Public Art Map and Guide
Find out which current exhibits are on display near you, and browse our permanent monument collection.
Search Current and Past Exhibits
2022
Manhattan
Wyatt Kahn, Life in the Abstract
June 8, 2022 to February 26, 2023
City Hall Park, Manhattan
Map/Directions (in Google Maps)
Please note: This is a past exhibit that is no longer installed in the park.
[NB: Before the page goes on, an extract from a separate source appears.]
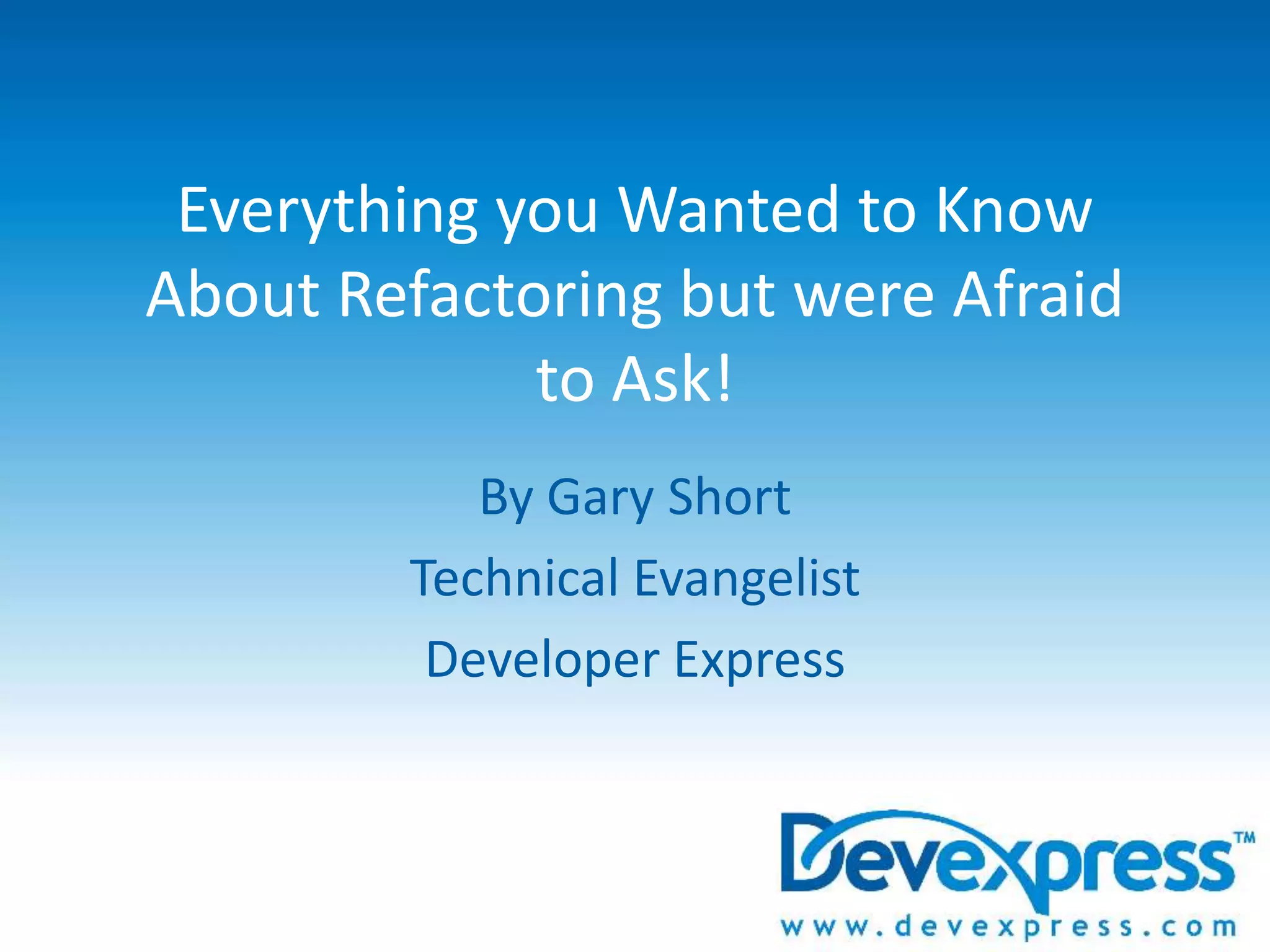 This document discusses the concept of refactoring, which is the process of changing a program's internal structure without altering its external functionality to improve code quality. It emphasizes the importance of refactoring in managing technical debt, encourages developers to evaluate when and how to refactor, and highlights the benefits of using tooling in the refactoring process. The author, Gary Short, also provides resources for further reading and shares his background as a technical evangelist.

Life in the Abstract is Wyatt Kahn’s first public art exhibition, comprising seven new monumental sculptures fabricated in Cor-Ten steel. Each sculpture juxtaposes components adapted from Kahn’s abstract canvas paintings with “readymade” items like eyeglasses, clock, comb, hand, foot and other elements from his domestic life. The artist translated seventeen line drawings into large welded steel blocks and arranged them in ways that suggest imaginative narrative compositions. Sited in City Hall Park, the works open a conversation between the private sphere of the artist’s life and the public realm of urban architecture, landscape and infrastructure. Life in the Abstract adds to the lineage of modernist public sculpture, infusing it with both playfulness and rigor, reminding us that the creation of abstract ideas and the business of daily life go hand in hand.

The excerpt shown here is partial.